The Anglicare consortium, which includes VincentCare, proposes a mix of individualised case management, specialist support, and stable housing to improve outcomes for young people leaving out of home care.

Sacred Heart Mission will provide rapid access to stable housing and intensive case management to support Victorians experiencing chronic homelessness and harmful alcohol and other drug use.

These social problems represent a significant cost for government. Around 600-700 people aged 16-18 transition from out-of-home care into independent living each year in Victoria.
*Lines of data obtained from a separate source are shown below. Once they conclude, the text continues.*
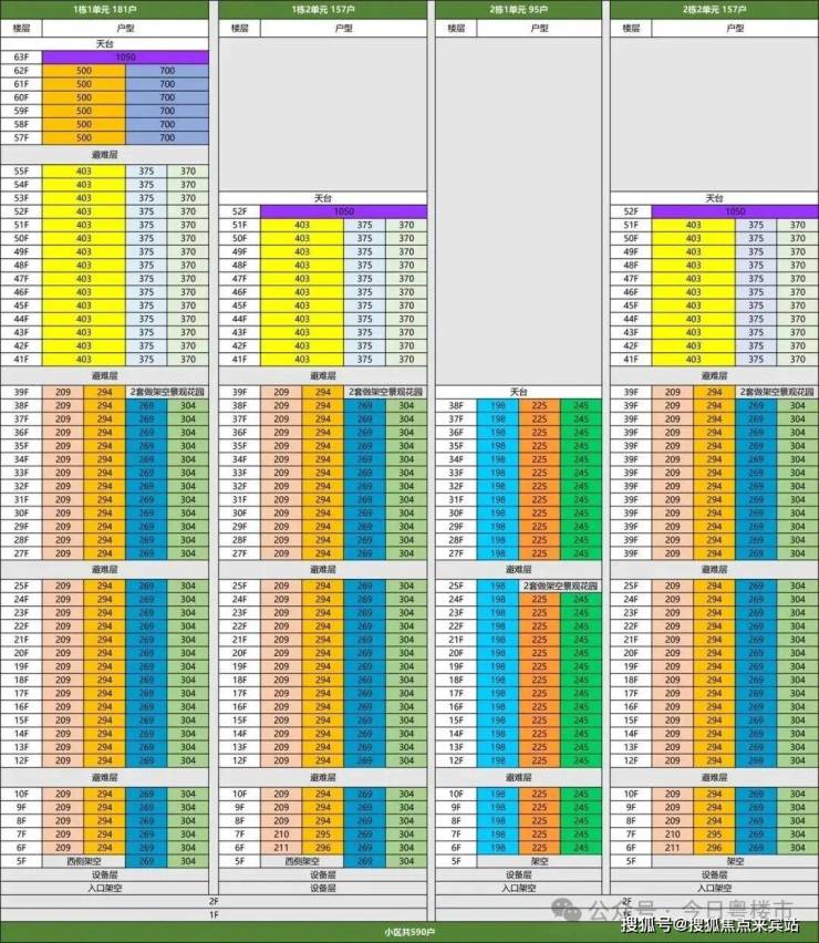超高区58F起(200米以上)是约500-700㎡顶级大平层;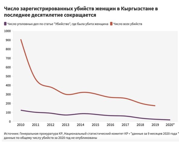 По данным Генеральной прокуратуры, с 2010 года по сентябрь 2020-го возбуждено 762 уголовных дела по статье «Убийство», где жертвой стала женщина.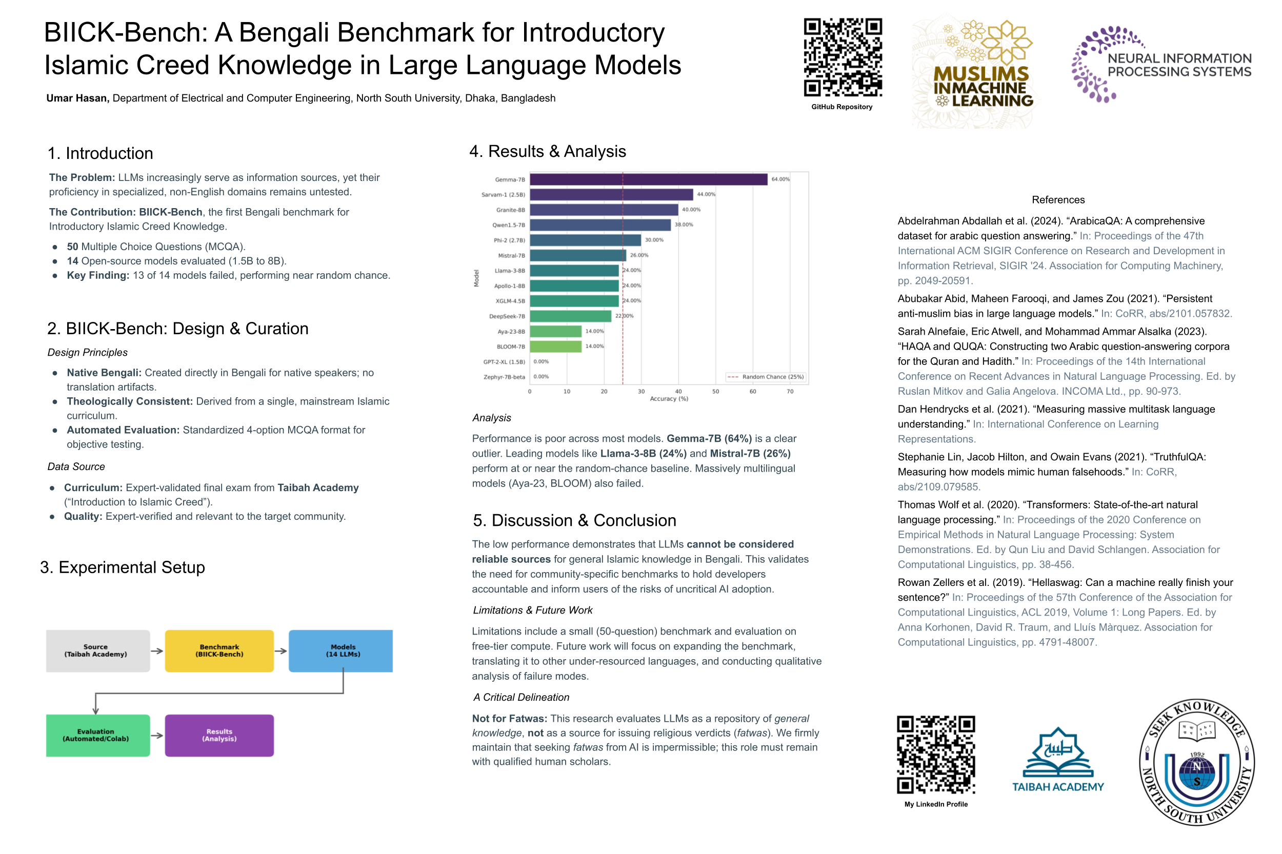 Large Language Models (LLMs) are increasingly used as information sources globally, yet their proficiency in specialized domains for non-English speakers remains critically under-evaluated. This paper introduces the Bengali Introductory Islamic Creed Knowledge Benchmark (BIICK-Bench), a novel, 50-question multiple-choice benchmark in the Bengali language, designed to assess the foundational Islamic knowledge of LLMs. Crucially, this work is an evaluation of knowledge retrieval and does not endorse seeking religious verdicts (fatwas) from LLMs, a role that must remain with qualified human scholars. Addressing the digital language divide, BIICK-Bench provides a vital tool for the world's second-largest Muslim linguistic community. Fourteen prominent open-source LLMs were evaluated, ranging from 2.5B to 8B parameters. The fully automated evaluation reveals a stark performance disparity, with accuracy scores ranging from 0\% to a high of 64\%. The results underscore that even state-of-the-art models struggle with Bengali Islamic knowledge, highlighting the urgent need for culturally and linguistically specific benchmarks to ensure the safe and reliable use of AI in diverse communities.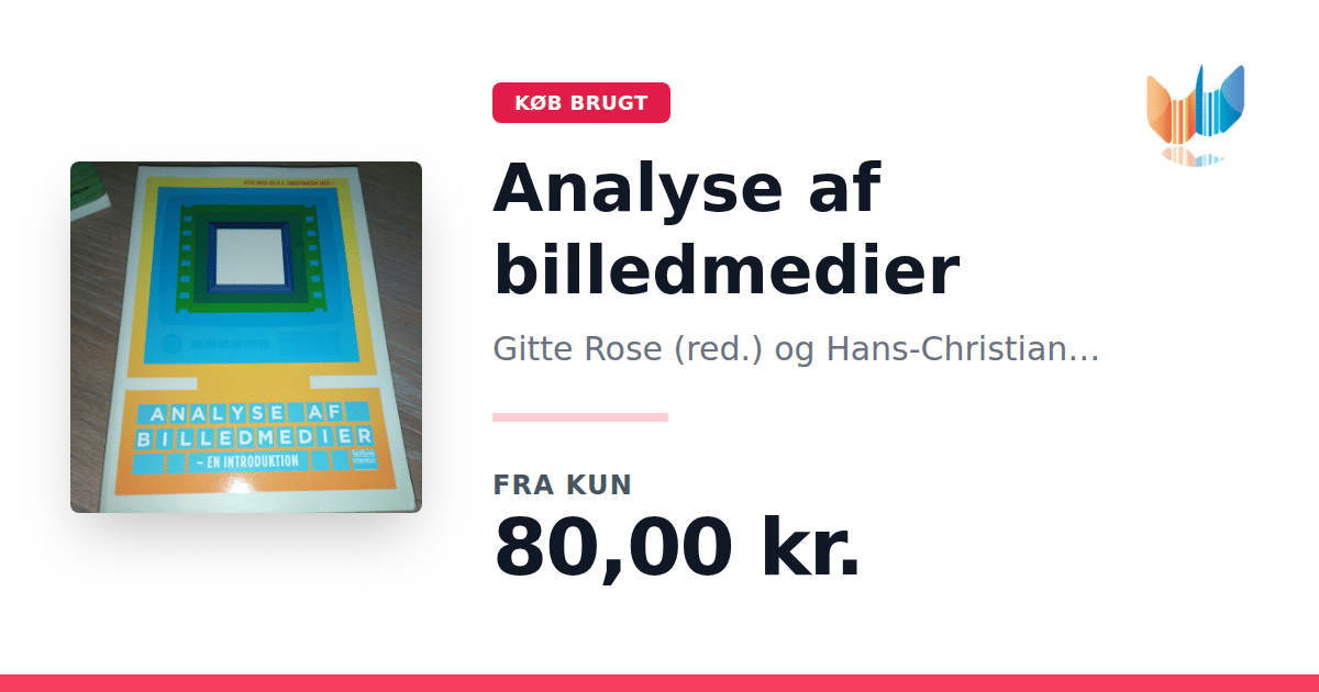 Lige nu kan du købe "Analyse af billedmedier" af Gitte Rose (red.) og Hans-Christian Christiansen (red.) til kun 80,00 kr. Bogen du ser her er brugt, og i god stand. Vi har i øjeblikket 4 eksemplarer til salg af "Analyse af billedmedier", så husk at se de forskellige udgaver.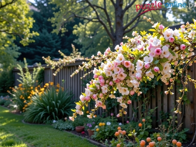 Puzzle Kwiaty, Ogród, Drzewo owocowe, Płot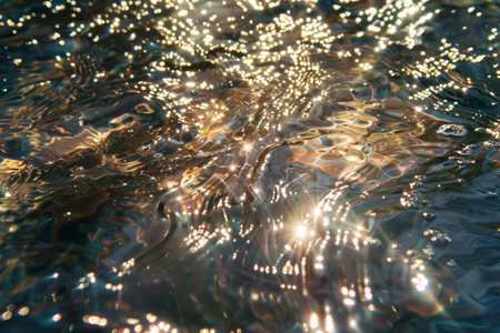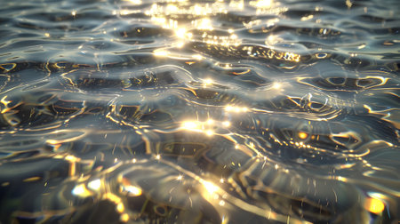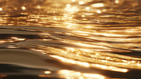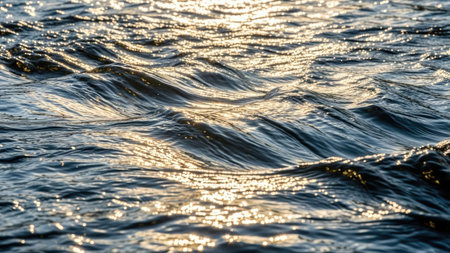Shimmering surface of water reflects golden hues, creating mesmerizing pattern of light and movement. tranquil waves evoke sense of calm and beauty in nature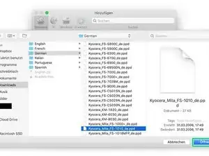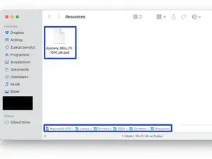 Перейдите в папку Загрузки и в ранее скачанную папку (PPD's_KSL_8.4). Откройте подпапку «English» и скопируйте файл «Kyocera_Mita_FS-1010_en.ppd» в /Library/Printers/PPDs/Contents/Resources.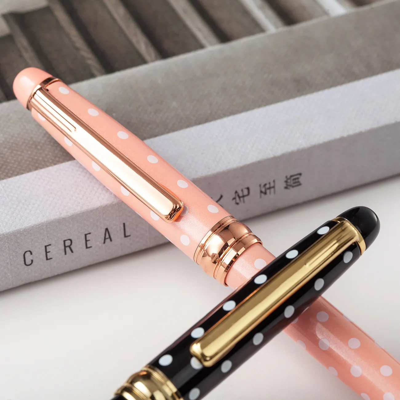 Refill color: pink (white dots), light blue (white dots), white (black dots), white (dark rose dots), black (white dots)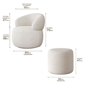 A poltrona proporciona aconchego absoluto para relaxar, enquanto o puff complementa a experiência com versatilidade, podendo ser utilizado como apoio para os pés ou assento auxiliar. Ideal para sala de estar, quarto ou cantinho de leitura, é a escolha perfeita para elevar a decoração com personalidade, funcionalidade e sofisticação.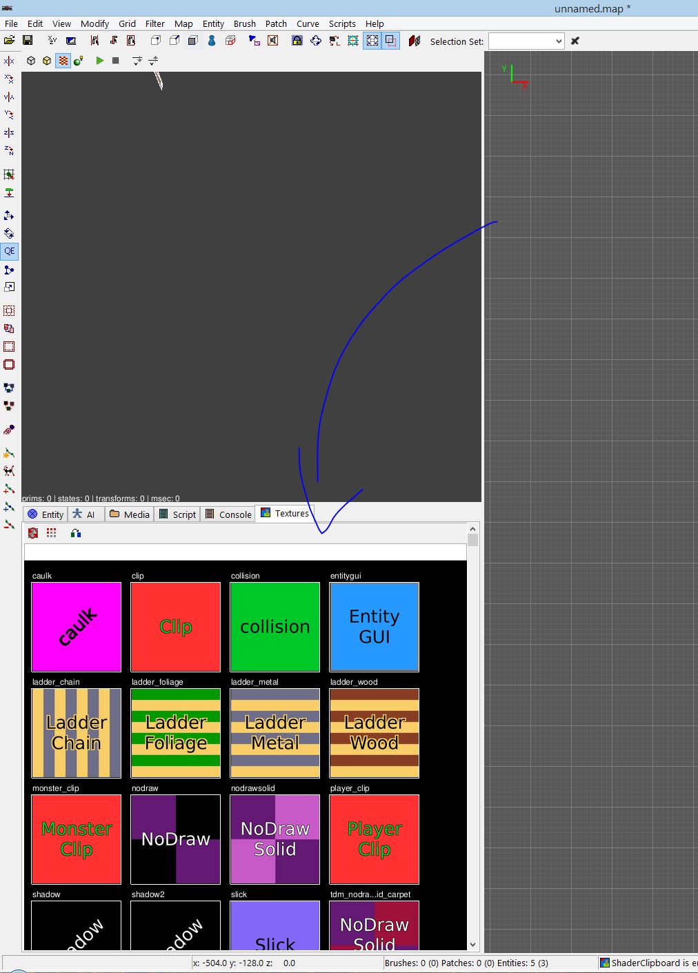 Thanks for the video - you've observed this correctly that materials not starting with "textures/" are considered "other materials" and they are hidden in the Textures tab. The code is doing that on purpose, I think it was doing that since even before we forked DarkRadiant off the original GtkRadiant. If you'd like that to be changed, I can problably add an option to show or hide these "other materials" in the Textures Tab. (But it should go to a different bugtracker entry, of course.) |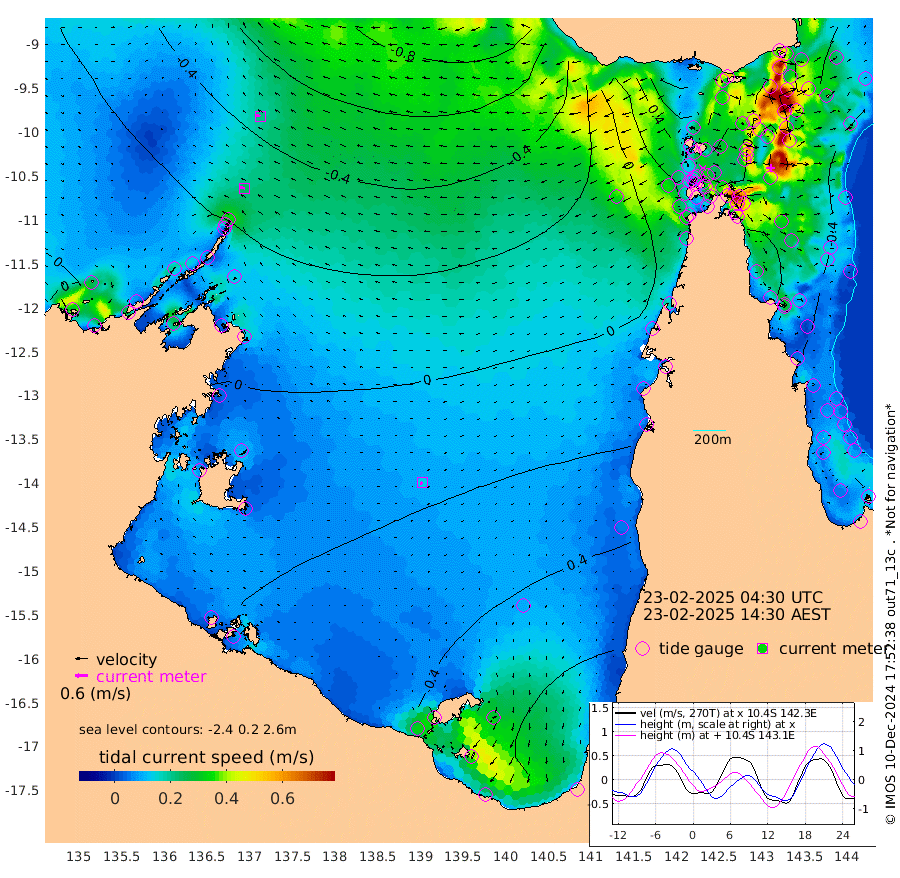23cm/s -76T +3cm/s rms + 7cm/s -42T. ARA-GOC87 57m 15cm/s -121T +3cm/s rms + 2cm/s -2T. ARA-GOC87 60m 21cm/s -72T +2cm/s rms + 3cm/s 61T. ARA-GOC87 47m -43cm Daru -49cm Bobo Island -37cm Meer Island Barge -56cm Bramble Cay -61cm Unnamed Cay -52cm Pearce Cay -54cm Stephens Island -76cm Merrie England Shoals -65cm Mutacomal Reef -48cm Darnley Island Barge -42cm East Cay -44cm Yorke Island Barge -49cm Rennel Island -43cm Aureed Island -27cm Dungeness Reef 2cm Zagai Island 0cm Yam Island 67cm Dauan Island 52cm Saibai Island 67cm Phipi Reef 20cm Warrior Reef - West 26cm Mabuiag Island Barge -54cm Half Way Island -45cm Coconut Island -47cm Dugong Islet -27cm Poll Island -28cm Kirkcaldie Reef -1cm Suarji Island -21cm Sue Islet 15cm Hawkesbury Island -13cm Alert Patches -18cm Twin Island 25cm Badu Island -2cm St Pauls (Moa Island) 13cm Kubin (Moa Island) -1cm Ince Point 0cm Thursday Island 2cm Nardana Patches 13cm Turtle Head 16cm Round Island 14cm Goods Island 9cm Booby Island -2cm White Rocks Area -21cm Carpentaria -6cm Papou Point 2cm Bampfield Head 9cm Crab Island 0cm Red Wallis Island 2cm Packe Island -57cm Harrington Reef 30cm Herald Camp 2cm Sharp Point 13cm Red Island Point 2cm Possession Island -33cm Alpha Rock -34cm Frederick Point -63cm Wyborn Reef Light -57cm Tetley Island -33cm Triangle Reef -62cm Turtle Head Island -34cm Maclennan Cay -28cm Raine Island -55cm Mcsweeny Reef -53cm Collette Reef -37cm Shadwell Reef -63cm Hannibal Island -62cm Round Point -8cm Vrilya Point -57cm Cape Grenville -40cm Hicks Island -36cm Sir Charles Hardy Island -14cm Harvey Island -56cm Kay Reef -33cm Rocky Island -36cm Chapman Island -32cm Ham Reef -34cm Jubilee Reef -34cm Night Island -38cm Unnamed Reef No. 3 -39cm Morris Island -28cm 1st 3 Mile Opening -34cm Creech Reef -38cm Fife Island -43cm Eden Reef -45cm Stanley Island -51cm Normanby River -8cm Yabooma Island -1cm Hutchison River -5cm Elcho Island 1cm North West Crocodile Island -40cm Cape Wessel -35cm Stevens Island -27cm Guluwuru Island -24cm Hopeful Bay -29cm Auster Point -24cm Two Island Bay -12cm Cadell Strait -126cm Mallison Island -20cm Melville Bay (Gove Harbour) -29cm Truant Island -14cm Cape Arnhem 1cm Cape Grey 7cm Hawk Island 5cm Milner Bay (Groote Eylandt) 16cm Cape Beatrice 19cm West Island 18cm Centre Island 70cm Mornington Island 61cm West Wellesley Islands 104cm Bountiful Island 119cm Albert River Mouth 112cm Sweers Island 128cm Karumba 65cm Nassau River Offshore 52cm Christmas Creek 27cm Archer River 20cm Boyd Point 31cm Weipa (Humbug Point) -5cm Pennefather River 8cm Cullen Point

They face poorer outcomes than other young people, particularly in areas such as unemployment, homelessness and contact with the justice system.

Apart from harming individuals’ life prospects, this social disadvantage is expensive — one study estimated their cost to police per person per year at $7156. For Justice and Correctional Services it’s $6913. There are undoubtedly other costs, direct and otherwise.

Alcohol and other drugs likewise have high direct costs to government — the prison system spends about $300 per prisoner per day on reducing harmful use, for example. For the courts it’s around $2700 per case finalisation. About 4% of all emergency department presentations included alcohol and other drugs as a factor in 2012-13.

The government says it will institute robust measurement and evaluation systems. The Department of Treasury and Finance acknowledges are are a host of difficulties in making SIBs work, such as defining the outcomes on which contracts will be based and making sure they are aligned with genuine progress, needing sufficient baseline data to measure improvements accurately and setting up the control group correctly.

Social impact bonds are seen by their boosters as an important new means of tackling difficult, expensive social problems and introducing innovation into social services. The key feature is a commitment by government to paying a third-party provider a fee if it is able to meet social outcome targets at the end of a multi-year period. They have been used most extensively in the United Kingdom, following the first in 2010.

But their detractors, including the Community and Public Sector Union, believe there is no reason why existing public funding models could not be used, arguing that SIBs constitute a form of back-door privatisation.